■ Stored data
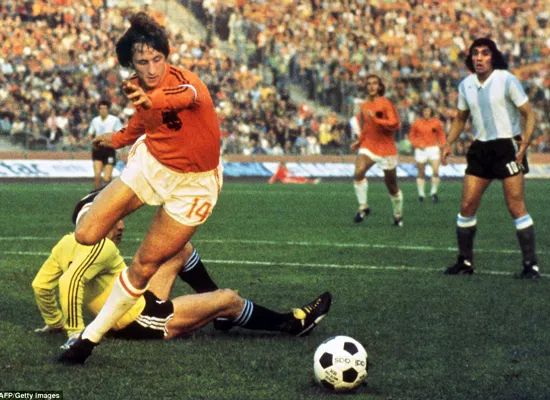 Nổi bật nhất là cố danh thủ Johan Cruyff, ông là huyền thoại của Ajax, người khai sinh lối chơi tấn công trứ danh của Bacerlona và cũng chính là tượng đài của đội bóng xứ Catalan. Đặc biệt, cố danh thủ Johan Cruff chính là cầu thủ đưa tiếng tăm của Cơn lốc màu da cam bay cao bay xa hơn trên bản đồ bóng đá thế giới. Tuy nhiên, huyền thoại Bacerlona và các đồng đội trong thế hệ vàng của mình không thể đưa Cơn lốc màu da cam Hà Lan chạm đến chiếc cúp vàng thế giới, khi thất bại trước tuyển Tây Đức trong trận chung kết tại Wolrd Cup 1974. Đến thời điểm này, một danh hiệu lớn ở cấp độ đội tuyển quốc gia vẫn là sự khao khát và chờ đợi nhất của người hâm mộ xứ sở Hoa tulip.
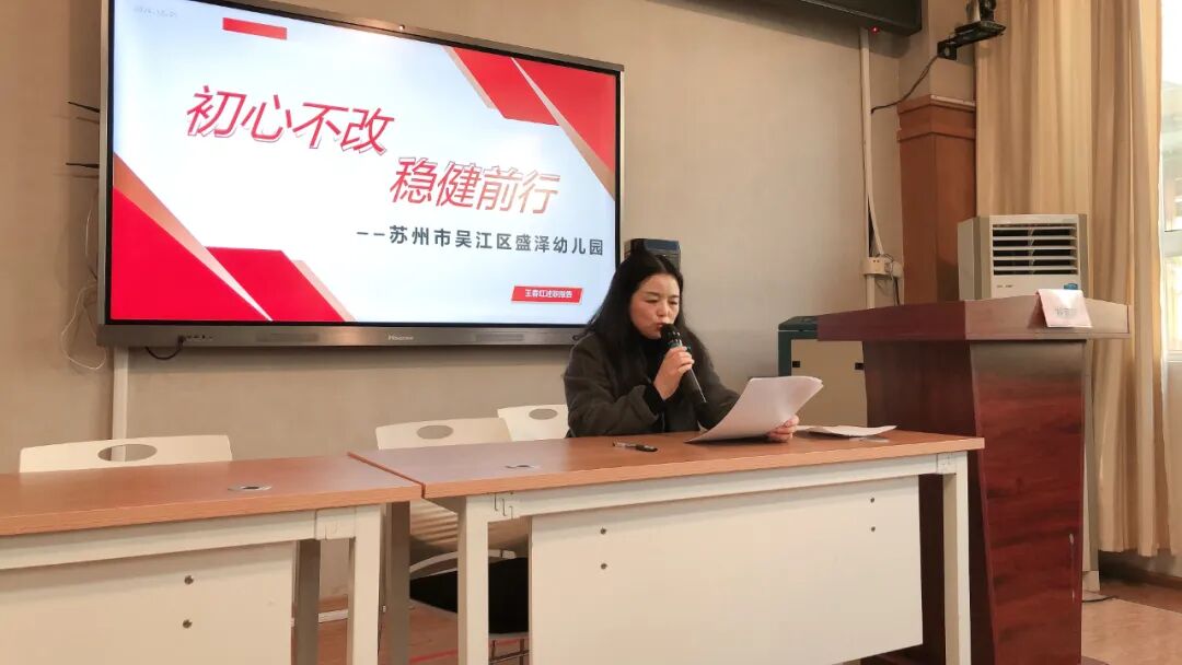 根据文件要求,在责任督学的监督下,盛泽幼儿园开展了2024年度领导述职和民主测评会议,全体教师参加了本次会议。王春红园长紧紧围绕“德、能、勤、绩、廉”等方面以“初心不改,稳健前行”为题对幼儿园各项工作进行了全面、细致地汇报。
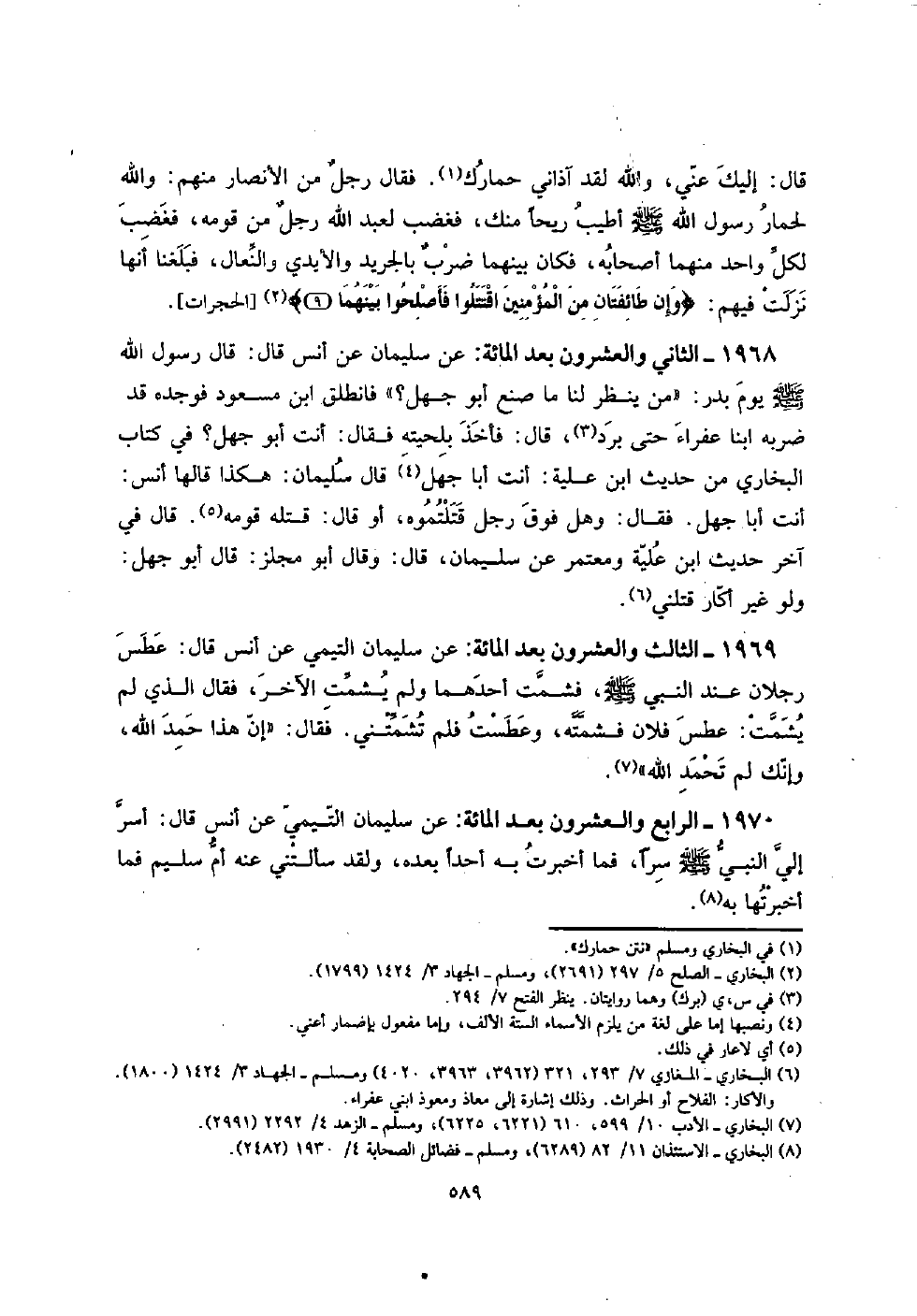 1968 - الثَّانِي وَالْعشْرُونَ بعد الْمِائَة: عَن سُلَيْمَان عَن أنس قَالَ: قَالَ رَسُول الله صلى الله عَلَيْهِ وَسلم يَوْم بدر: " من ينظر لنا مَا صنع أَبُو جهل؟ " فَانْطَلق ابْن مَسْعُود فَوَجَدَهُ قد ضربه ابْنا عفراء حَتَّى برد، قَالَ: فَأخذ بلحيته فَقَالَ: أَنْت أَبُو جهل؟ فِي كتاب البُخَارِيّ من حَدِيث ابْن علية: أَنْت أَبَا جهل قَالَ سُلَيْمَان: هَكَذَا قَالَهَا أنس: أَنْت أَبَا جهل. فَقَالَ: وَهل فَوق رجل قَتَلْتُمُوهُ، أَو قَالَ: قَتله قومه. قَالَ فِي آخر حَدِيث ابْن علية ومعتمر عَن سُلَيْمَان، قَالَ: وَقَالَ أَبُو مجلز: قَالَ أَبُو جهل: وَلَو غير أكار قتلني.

■ Task prompt
Without including any pictures, set down word for word every line from the one containing "根据文件要求,在责任督学的监" through the last line of the material.

■ Solution for this task
 根据文件要求,在责任督学的监督下,盛泽幼儿园开展了2024年度领导述职和民主测评会议,全体教师参加了本次会议。王春红园长紧紧围绕“德、能、勤、绩、廉”等方面以“初心不改,稳健前行”为题对幼儿园各项工作进行了全面、细致地汇报。
 1968 - الثَّانِي وَالْعشْرُونَ بعد الْمِائَة: عَن سُلَيْمَان عَن أنس قَالَ: قَالَ رَسُول الله صلى الله عَلَيْهِ وَسلم يَوْم بدر: " من ينظر لنا مَا صنع أَبُو جهل؟ " فَانْطَلق ابْن مَسْعُود فَوَجَدَهُ قد ضربه ابْنا عفراء حَتَّى برد، قَالَ: فَأخذ بلحيته فَقَالَ: أَنْت أَبُو جهل؟ فِي كتاب البُخَارِيّ من حَدِيث ابْن علية: أَنْت أَبَا جهل قَالَ سُلَيْمَان: هَكَذَا قَالَهَا أنس: أَنْت أَبَا جهل. فَقَالَ: وَهل فَوق رجل قَتَلْتُمُوهُ، أَو قَالَ: قَتله قومه. قَالَ فِي آخر حَدِيث ابْن علية ومعتمر عَن سُلَيْمَان، قَالَ: وَقَالَ أَبُو مجلز: قَالَ أَبُو جهل: وَلَو غير أكار قتلني.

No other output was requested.